F&C faces future without Friends
March 2008

Alain Grisay, F&C

F&C may be up for sale, but the three-year growth plan and geographical expansion of chief executive Alain Grisay shows a new maturity has arrived at company headquarters.

In much of Europe and the US, the fortunes of the life insurance and asset management industries have long been tied together, and dismantling them, as life stalwart Friends Provident is finding, is no easy matter.

The UK insurer is “exploring opportunities” regarding its majority stake in F&C, which runs £104bn (€136bn) for institutional, wholesale and retail clients. Friends announced its asset management presence in 1998, with the purchase of Edinburgh’s Ivory & Sime, and was to compete with a raft of other insurers – including Standard Life, Scottish Equitable and Scottish Widows – all advised to boost earnings by embracing fund management.

A Keystone Cops-style, comic scramble ensued, as insurers raced to spin off new units to boost credibility among asset consultants. In the same vein as its competitors, Friends Ivory & Sime discarded the unpopular ‘life’ tag by renaming itself Isis Asset Management.

Isis acquired the funds arm of Royal Sun Alliance in 2002, before merging with Netherlands-owned SRI pioneer F&C in 2004. The new company, F&C Asset Management, entered the market as one of Europe’s top five fund houses, with a strong historic footprint in both UK and Dutch institutional markets.

Early announcements boasted about the company’s size, running £118bn at the time of listing, but Resolution Life, which appears to have been the source of much soul-searching at the Friends Group, withdrew £25bn in 2006 after merging with Britannic. Indeed F&C still struggles to hold onto pension fund mandates, as Dutch schemes restructure and farm out members’ money to be managed on a fiduciary basis.

After last year’s planned merger of Friends with Resolution Life failed to materialise, and an injection of new managed assets of around £60bn was scrapped, the sale/review announcement was made at the beginning of February.

Friends can raise £850m from selling F&C and up to £1bn for offloading Lombard, its high-margin wealth manager, running £10bn. Yet failure to achieve significant scale does not mean F&C has a poor business proposition. On the contrary, profits are rising despite marginally falling assets. Battle plans targeting year on year asset growth to satisfy rampant egos are all too common in this industry. But F&C’s successful, cross-border peer-group managers such as Schroders and Julius Baer have watched unprofitable assets leave their house, and analysts have applauded their pragmatism.

The latest three-year growth plan from F&C’s chief executive Alain Grisay, which is being instituted by global distribution head Cristobal Mendez de Vigo, also shows a new maturity has arrived at the company’s headquarters, tucked behind London’s Liverpool Street railway station.

Rather than targeting bulk institutional business in a limited number of markets, the focus has switched to setting up strategic partnerships with cross-border banks and “national champions” in Europe, the Middle East and Asia. The target is to increase earnings per share by 50 per cent by the end of 2009. “At the end of the day, we need to provide excellent products and generate revenue, not AUM,” admits Mr Mendez de Vigo.
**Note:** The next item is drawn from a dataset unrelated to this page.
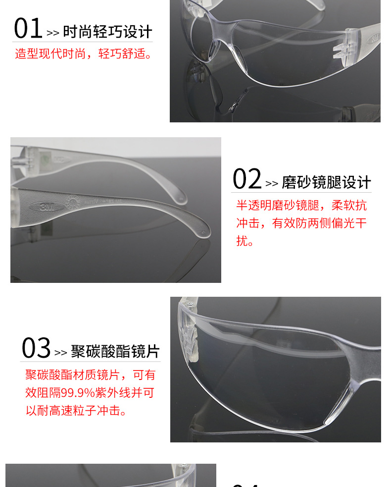 3M 10437 透明镜片加强防刮擦防冲击防风沙防护眼镜

While institutional consultants will wait for ownership issues to be resolved before assigning mandates, any buyer is assured of steady fee income, as £33bn of F&C’s assets are managed for Friends Provident, under contracts of up to seven years. Friends believes it no longer needs a captive manager in-house, with the development of open architecture. It has enjoyed good profits from its ownership of F&C. But under increased pressure to increase shareholder value, it has decided to concentrate on its skills in administration, distribution and protection.
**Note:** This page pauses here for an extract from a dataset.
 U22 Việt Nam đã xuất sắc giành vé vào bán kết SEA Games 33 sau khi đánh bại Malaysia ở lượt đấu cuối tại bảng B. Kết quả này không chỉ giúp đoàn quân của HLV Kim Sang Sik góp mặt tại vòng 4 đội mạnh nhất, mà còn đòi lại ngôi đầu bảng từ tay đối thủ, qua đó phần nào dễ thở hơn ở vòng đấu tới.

Those are also the core interests of Trevor Matthews, who has just been recruited from Standard Life, where he ran the life and pensions business, as chief executive of Friends Provident, with a July starting date.

Mr Matthews’ track record includes managing the Standard Life business from crisis to profitability, including administering huge job cuts and acting as one of the front-men for an internally unpopular £4.7bn demutualisation and public share offer.

“There are three things I am concerned about,” Mr Matthews once said: “Distribution, distribution and distribution.” Acquiring asset management businesses was never on his agenda. When Standard Life made its own bid – also unsuccessful – for Resolution, unlike other board members, Mr Matthews did not appear to favour the merger.

But while it appears that Friends’ ten-year adventure in fund management is drawing to a close, the outcome is far from certain. Potential buyers are circling the Friends camp to bid for not just the funds arm, but what is now seen as a vulnerable insurance company, with its anointed leader yet to join. The Friends board has commited itself to carefully considering any “firm offer”.

Can the distant promise of an eventual restructure from Mr Matthews keep the barbarians away from the gates? And what if another life company, one more committed to asset management, decides to make a bid for Friends, and its attractive funds business?